He also points out that history demonstrates that as governments increase their efforts to “command and control” their economies, the result is always weaker economies because bureaucrats know nothing about managing businesses much less entire economies.  


He observes that while money supply (e.g., M-2) has been soaring, the loan to deposit ratio at banks has been falling and the Velocity of Money has dropped. [When the Fed prints money and gives it to the banking sector which in turn stores it as “excess reserves,” that money sits at the Fed and is not out competing for goods and services. Similarly, corporations that raised money through stock sales or near zero interest loans are sitting on that money to the consternation of their bankers.]  Both of these factors retard rising prices.  He concludes that we are in a classic Debt Trap that will result in a shrinking economy not an over-heating one.  He argues that history proves there is no “Keynesian Multiplier.”  That is to say, Fed “pump-priming” is a failed long-term strategy that should by now be obvious to everyone.  


David Rosenberg agrees that rising prices will be transitory.  He thinks that as the supply of goods and services increases, demand will subside leading to falling prices.  He argues that the “consensus view” is growing inflation and he takes the contrarian side of that bet noting the majority is often wrong. Higher productivity typically follows a recession and that is an “inflation killer.”  As stimulus checks end and unemployment benefits return to former levels, more people will return to work reducing wage pressures and there will be less money in their pockets to drive up the price of goods.  Thus, the economy will cool.  


He asks, “with 80% of the economy now open, where will rapid growth come from?” While Q3 earnings are expected to be high, he thinks that Q4 earnings will not be 5% as predicted but more likely in the 0%-2% range. Demographics are also working against inflation.
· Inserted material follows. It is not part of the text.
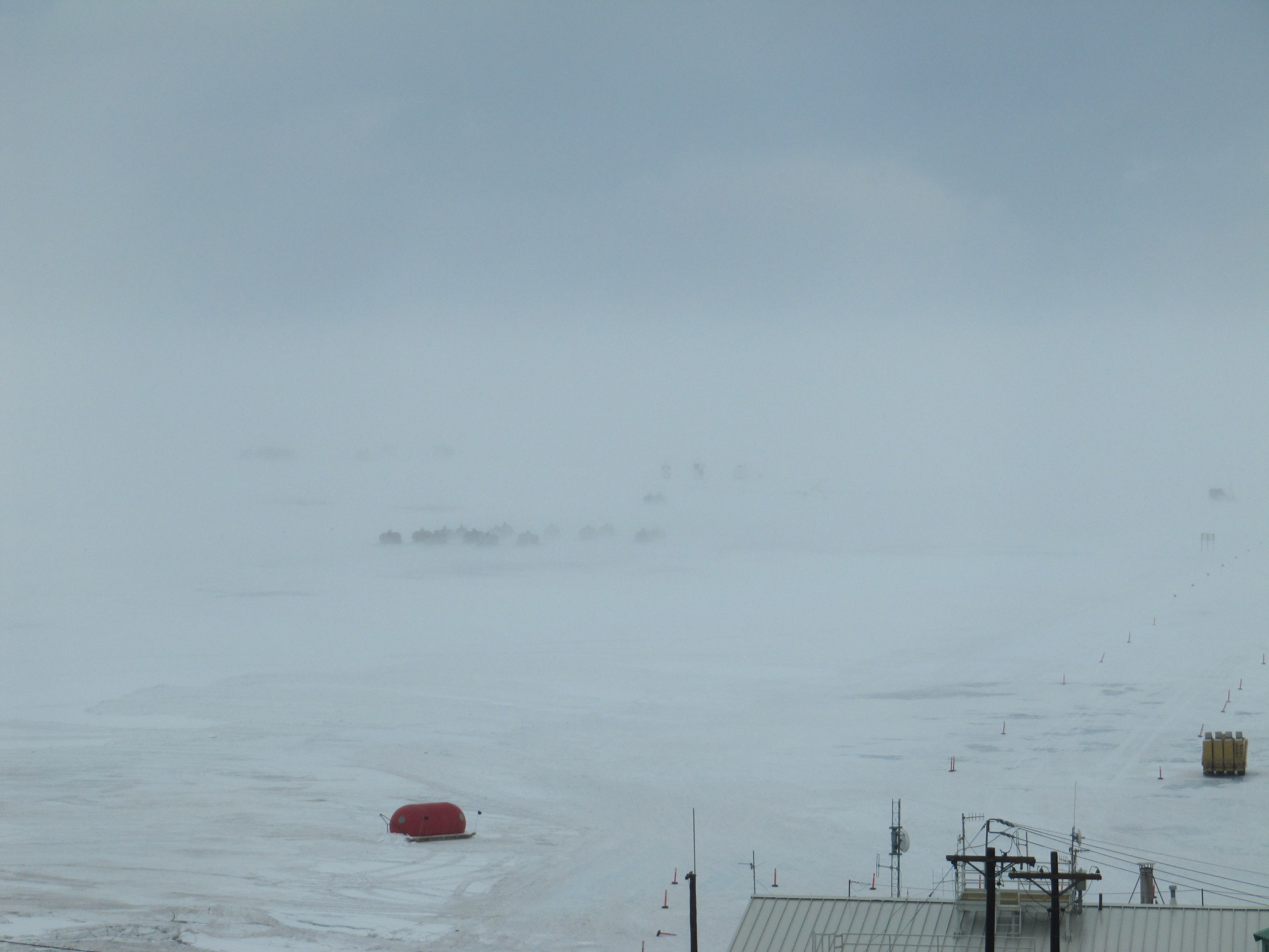 Lindsay Knippenberg: "I took this shot of the sound during the storm. Out on the sea ice the wind was blowing over 75 mph and blowing the fine snow everywhere so that you could no longer see the mountain range." McMurdo Station, Antarctica.

Shrinking populations are deflationary as fewer people need fewer goods and services, as do aging populations.  He agrees with Lacy that soaring debt to GDP ratios (US 130%) will act as a constraint on demand and the higher prices for goods and equities will revert to the mean (causing lower corporate earnings and falling stock prices that will shrink the money supply). 


Developing an investment strategy  


If the “experts” cannot agree on what is going to happen, we are left to develop a hedged investment strategy that can hopefully protect our savings and investments from either rampant inflation or deflation.  Of course, we could go “all in” on one or the other but that means betting the ranch on an uncertain future.  
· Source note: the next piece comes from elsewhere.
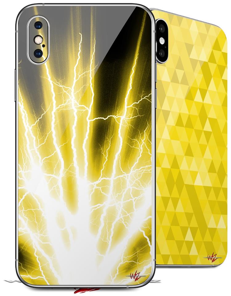 2 Decal style Skin Wraps set compatible with Apple iPhone X and XS Lightning Yellow

However, another possible outcome is that we will confront a 1970’s style “stagflation” that couples the agonies of rising inflation with slowing economic growth.  Those were not good times and will not be if they come again.  You may remember that stock prices essentially moved sideways during that period.  However, if you adjusted those stock prices for inflation, there was in fact a recession with falling real asset prices.  Jim Dines refers to this as the “Invisible Crash.”  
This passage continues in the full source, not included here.